By Oct. 22, 1858, according to the Statesman, the new association had bought land west of the graveyard and were enclosing the cemetery with a fence and laying out plots, walks and roadways. On Nov. 19, 1858, the sale of lots began. The following year, the trustees bought land to provide an entrance from Broadway.

In 1873, another purchase to the south and east brought the size of the cemetery to 24 acres and, finally, the city council of Columbia officially conveyed the original six lots to the association.

Subsequent land transactions increased the size of the cemetery to 34 acres, including several historic areas. Besides the original lots, there are Jewish and black sections. Today, perpetual care extends to every corner of the property and sites are limited only by availability and preference.

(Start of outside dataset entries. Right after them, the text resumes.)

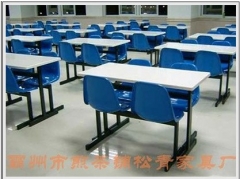 采用最經(jīng)濟的塑料材質(zhì)制作而成,普遍采用四人一桌的形式,桌子和椅子是連在一起的,白色的桌面加上藍色的靠背椅子
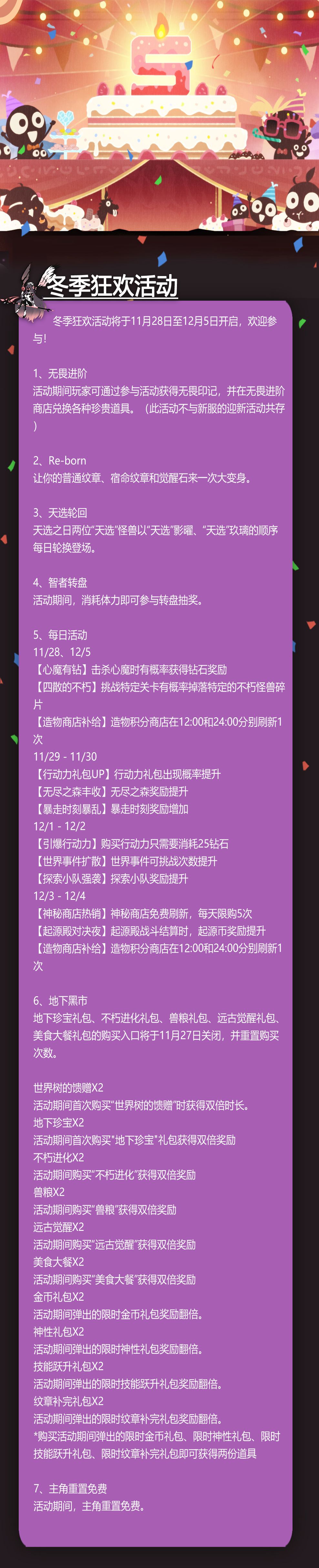 冬季狂欢活动将于11月28日至12月5日开启,欢迎参与!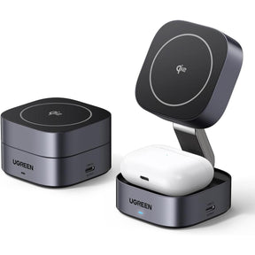 Estación de carga plegable magnética Magflow Qi2 de Ugreen, cargador inalámbrico rápido 2 en 1 compatible con iPhone 16 15 14 13 12, AirPods 3 2 Pro (sin adaptador de corriente), gris oscuro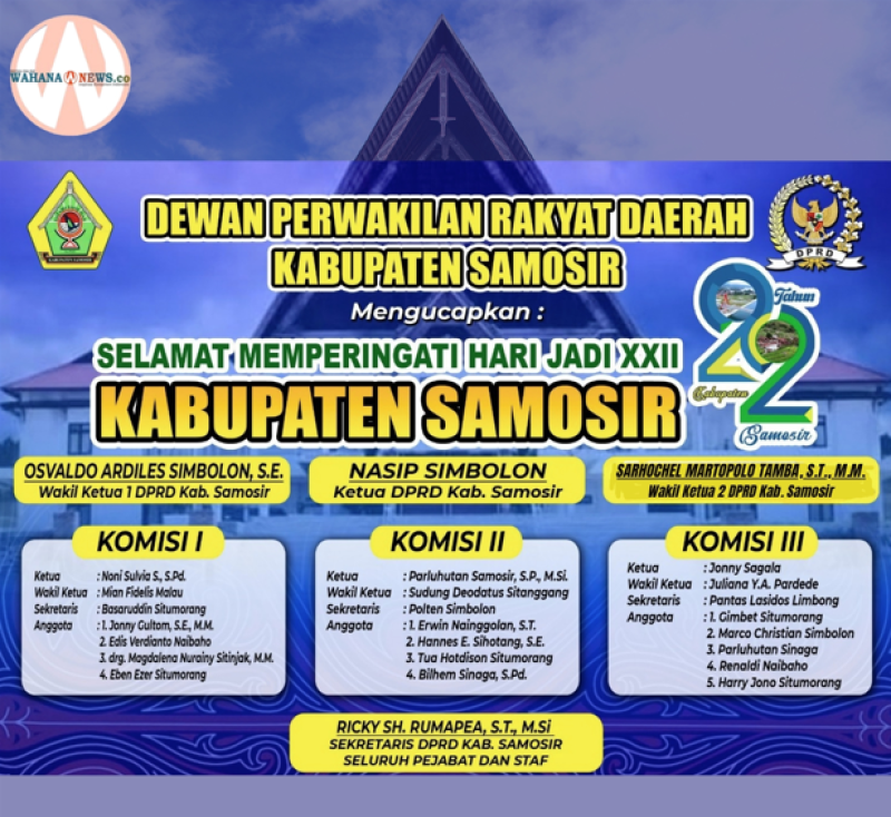SAMOSIR.WAHANANEWS.CO -Pangururan, Syukuran Hari jadi ke-22 Kabupaten Samosir yang dilaksanakan Jum'at (27/02/2026) berjalan sukses.Kegiatan perayaan mengusung tema “Samosir Rumah Kita” dan subtema “Hidup Selaras Alam, Tingkatkan Hidup Rukun Menuju Indonesia Emas 2045”. Perayaan syukur digelar di Segmen 5 Waterfront Pangururan, Kegiatan diawali dengan ibadah oikumenis yang dipimpin Pastor Ivo Sinaga. Sabtu (28/02/2026).
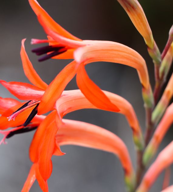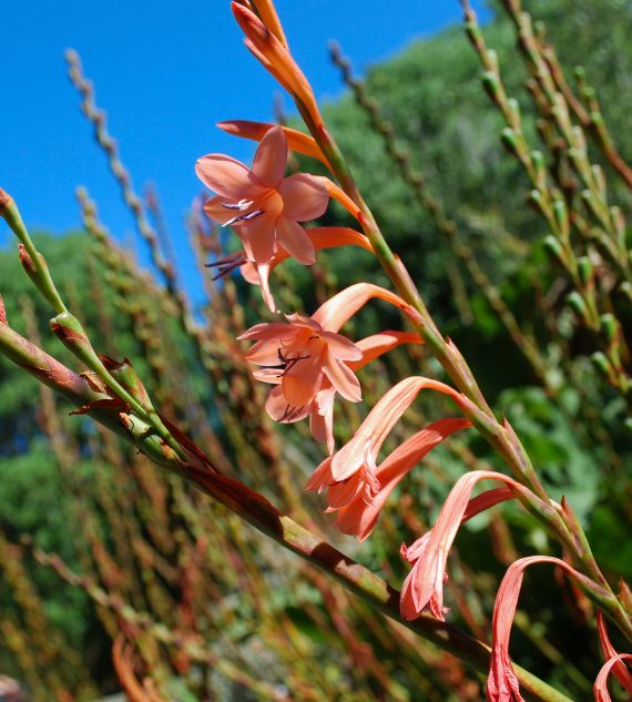 Watsonia meriana, also known as Wild Bugle Lily or Wild Watsonia, is a flowering plant native to South Africa. It features tall spikes of tubular, pink to red flowers and is often found in open grasslands. The variety W. meriana var. bulbillifera (or W. bulbillifera) is notable for producing bulbils, which aid in its rapid spread, making it an invasive species in some regions.

A limestone vault house was added in 1877 for storing bodies if they could not be buried immediately, as was sometimes the case in the winter when the ground was frozen. The vault house still stands in the middle of the cemetery near Prewitt and Todd streets and underwent a major renovation in 2009.

Within the cemetery’s grounds lie two Revolutionary War soldiers — Samuel Elgin and William Orear — and veterans of every war since the War of 1812. There are at least six presidents of the University of Missouri, presidents of Stephens and Christian (now Columbia) colleges and a short-term governor, Abraham J. Williams.

Its monuments are a roll call of Boone County’s pioneer and influential families. Among them are Barr, Bowling, Bradford, Camplin, Cochran, Conley, Dorsey, Douglass, Garth, Gentry, Guitar, Hickman, Horner, Keene, Lenoir, McAlester, Maupin, Moss, Phillips, Prewitt, Price, Rollins, Schwabe, Stephens, Todd and Wilson.